Julia climbs to Marvão – seen above her

This was another classic climb, steep in places and over three miles long. To add spice to the mix, we could hear thunder as we neared the hill town, and I got my rain jacket ready in case the heavens opened. Fortunately the weather held until later in the evening.

This was a wonderful moment: cycling through the town walls of Marvão after a challenging day. We were staying at the lovely hotel, El Rei Dom Manuel. After settling in and having a shower I was ready to explore this extraordinary place.

Walking the walls of marvellous Marvão

I set off along the town wall outside the hotel, drinking in the panoramic views of the land below. I wonder what kind of lives were led by those who built these ancient defences? Marvão was founded in the ninth century by an Iberian who had converted to Islam, testimony to the Moorish history of Portugal and Spain. The town had a crowning strategic position, which was crucial in the days of conflict between the nations that share the Iberian peninsula.

As I approached Marvão’s castle, above, I looked down to the valley we’d traversed before the great climb.

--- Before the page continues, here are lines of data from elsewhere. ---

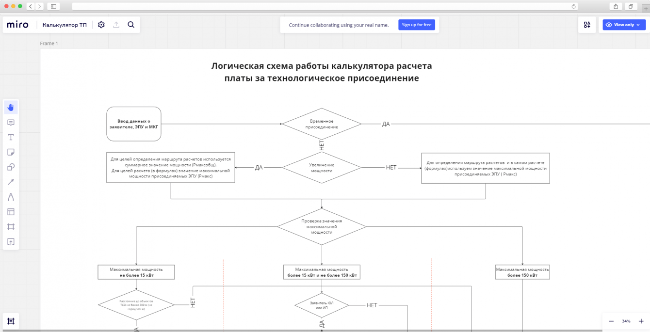 Техническое задание получилось большим и емким, с огромным количеством формул и переменных. Чтобы не запутаться, в Miro пришлось накидать отдельную интеллектуальную карту бизнес-процессов.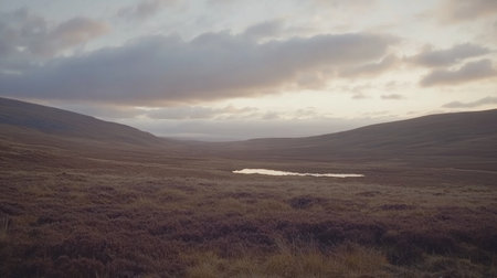small stream running through scottish landscape, captured by stephen shortridge using sigma 85mm f/1.4 dg hsm art lens. the hazy scenery showcases a mix of light gray and dark amber tones. this photo also features the zeiss milvus 25mm f/1.4 ze lens, adding depth to the composition. andre-charles boulle's influence can be seen in the intricate details of the surrounding nature. ai generated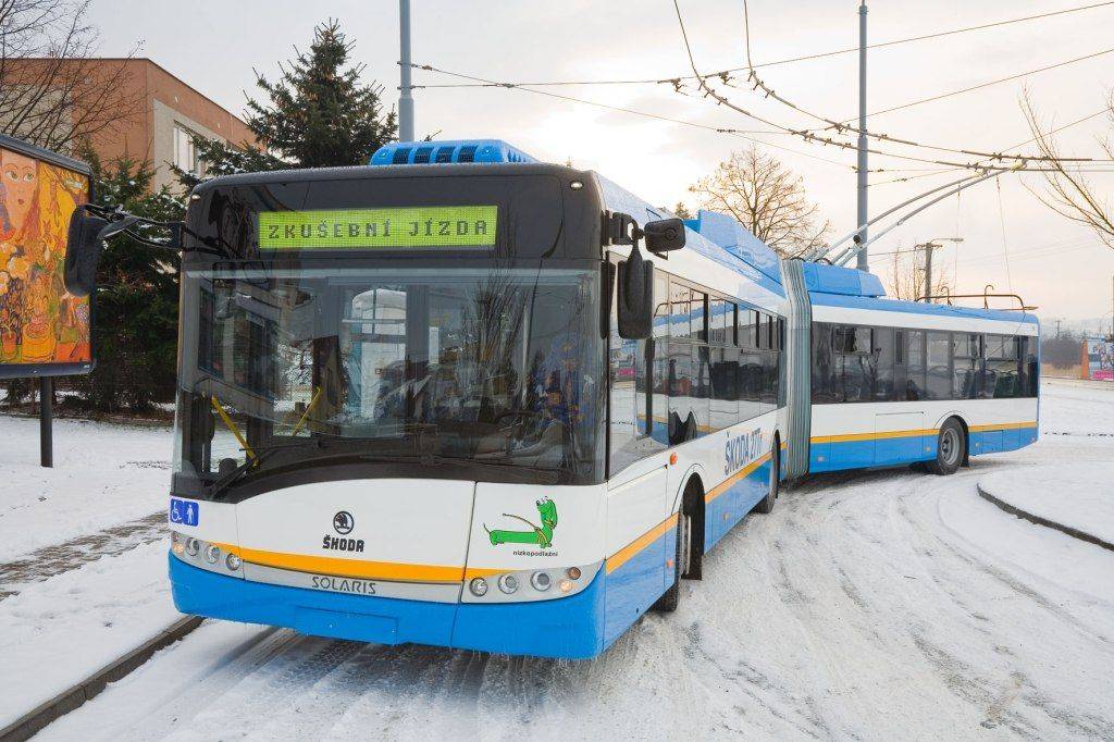 Solaris Trollino 15 v barvách ostravské MHD. Třínápravový nízkopodlažní trolejbus vyrábí od roku 2003 polskou firmou Solaris Bus & Coach.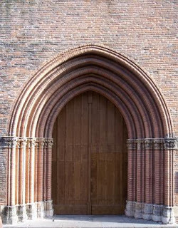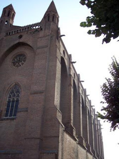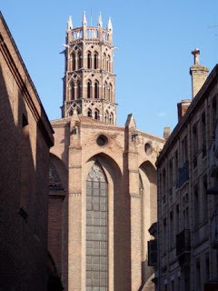 After lunch and a short rest, I hit the road again, this time aiming for the Augustins museum, specifically to see the Toulouse Lautrec paintings they have. But when I got there, a sign was posted that said because of the heat, the rooms with the paintings were closed this afternoon. I don't blame them, of course, but it was a disappointment. I'll try again in the morning. So then, melting a little myself at this point, I wandered around some more. I found the Cathedral St. Etienne, which is another ancient church, this one built in a hodge podge of styles.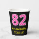 Fun Pink Stripes “82”: Happy 82nd Birthday + Name Paper Cups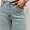 Ce bermuda en jean revisité attire tous les regards grâce à ses strass délicatement répartis qui apportent une touche lumineuse et tendance. Sa coupe moderne et confortable sublime la silhouette tout en offrant une grande liberté de mouvement. Le denim clair associé aux détails scintillants lui donne un style à la fois chic et audacieux. Une pièce originale qui apporte instantanément du caractère au look.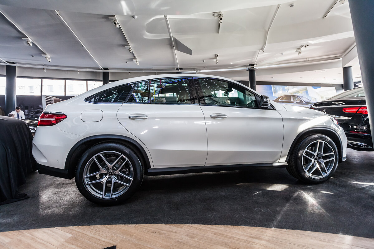 - Внедорожник Mercedes-Benz GLE 2018 имеет 19-дюйм. колеса, в то время как Mercedes-Benz AMG® GLE Coupe 2018 имеет 21-дюйм. диски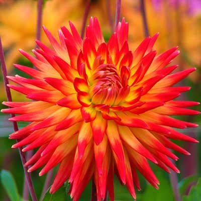 Георгина полукактусовая Карма Бон Бини - прекрасный выбор для оформления придомовой зоны, клумб и бордюров. Растение средних размеров до 90 сантиметров в высоту имеет ветвистые стебли и перистую листву. Крупные и пышные цветки достигают 14 сантиметров в диаметре, они состоят из трубчатых лепестков. Окрас данного сорта – яркий золотисто-желтый с красными переходами на кончиках лепестков. Торжественные цветы отлично смотрятся срезанными в букетах. Для хорошего роста георгине требуется удобренная почва, солнце и регулярный полив. На зимнее время луковицы выкапывают для хранения.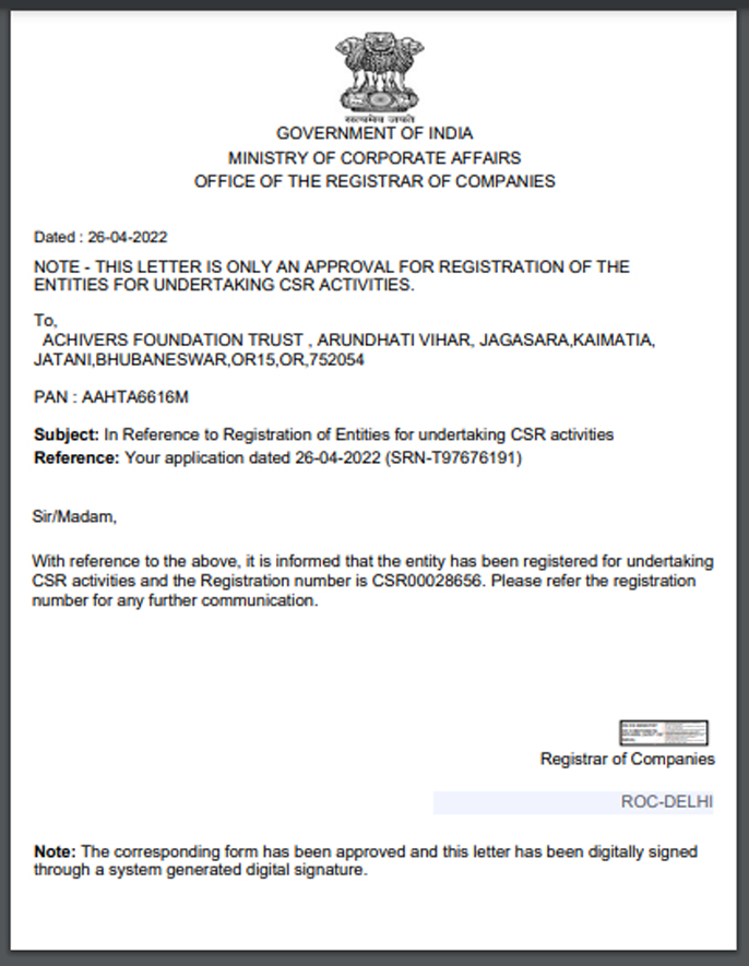 Achievers Foundation, Arundhati Viar, Near Utkal University of Culture, Jagasara, Bhubaneswar, Odisha, India Pin-752054,

It was a very peaceful walk, in the quiet of the early evening.

On reaching the castle, I turned back down into the ancient streets of the village.

I came across a number of our group on the terrace of a bar having a beer, including Michael and Libby, and joined them for a drink before returning to the hotel for dinner.

I would have liked to have taken some night photos of Marvão, as I did in Monsanto, but the rain that we had escaped on ascent had arrived.

Read Day 8: Marvão to Vila Viçosa

The day’s stats

56.02 miles (including the extra 6 miles), 5,186 feet climbing, 4 hours 44 mins cycling, average speed 11.8 mph.